Dari analisis proses perumusan kebijakan HTR, dapat diambil pelajaran bagi para pengambil kebijakan. Faktor yang harus diperhatikan oleh para perumus kebijakan adalah menggunakan data dan fakta yang komprehensif untuk dapat merumuskan kebijakan yang baik. Peran para ahli, peneliti, dan akademisi sangat penting untuk memberikan landasan pengetahuan yang memadai.
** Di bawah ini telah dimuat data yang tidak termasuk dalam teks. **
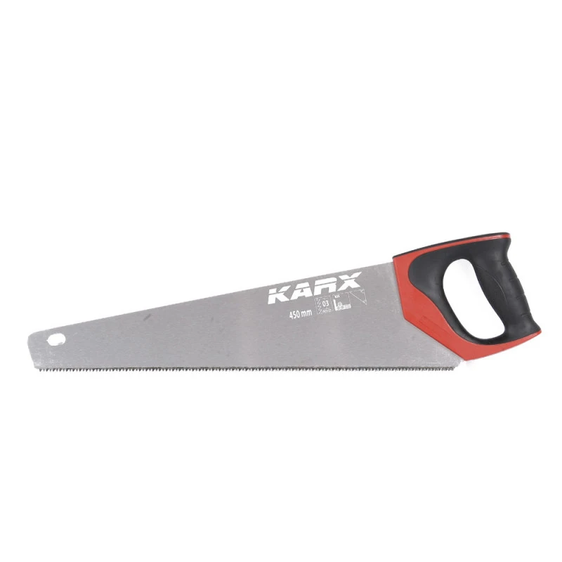 Scie pour travaux de menuiserie. 7 dents/pouce, denture trempée et 2 angles de coupe.

Salah satu variabel kunci dalam menilai keberhasilan implementasi sebuah kebijakan menurut Winter (1990) adalah respon kelompok target kebijakan. Variabel lain yang juga penting untuk dikaji adalah formulasi atau proses penyusunan kebijakan. Variabel tersebut telah diuraikan pada Bab IV. Dari hasil analisis proses perumusan kebijakan dapat diketahui bahwa proses perumusan kebijakan HTR tidak memenuhi asumsi model linier, karena penentuan kebijakan tidak didasarkan pada informasi yang memadai untuk menentukan alternatif pilihan terbaik. Berbagai kendala di lapangan tidak diperhitungkan sebagai faktor yang harus ditangani dalam kebijakan yang disusun.

Pada bab kelima ini, akan diuraikan kondisi di lapangan dan respon para pemangku kepentingan terkait pelaksanaan kebijakan HTR. Kajian ini dilakukan dengan studi kasus di tiga provinsi yang dipilih secara sengaja (purposive). Tiga provinsi yang menjadi lokasi penelitian adalah Riau, Kalimantan Selatan, dan Provinsi Daerah Istimewa Yogyakarta.

Tujuan yang ingin dicapai dari kajian implementasi kebijakan HTR adalah untuk menemukan jawaban atas pertanyaan penelitian kedua yaitu bagaimana para pemangku kepentingan di daerah merespon kebijakan HTR dan bagaimana hubungan antara respon tersebut dengan keberhasilan implementasi kebijakan.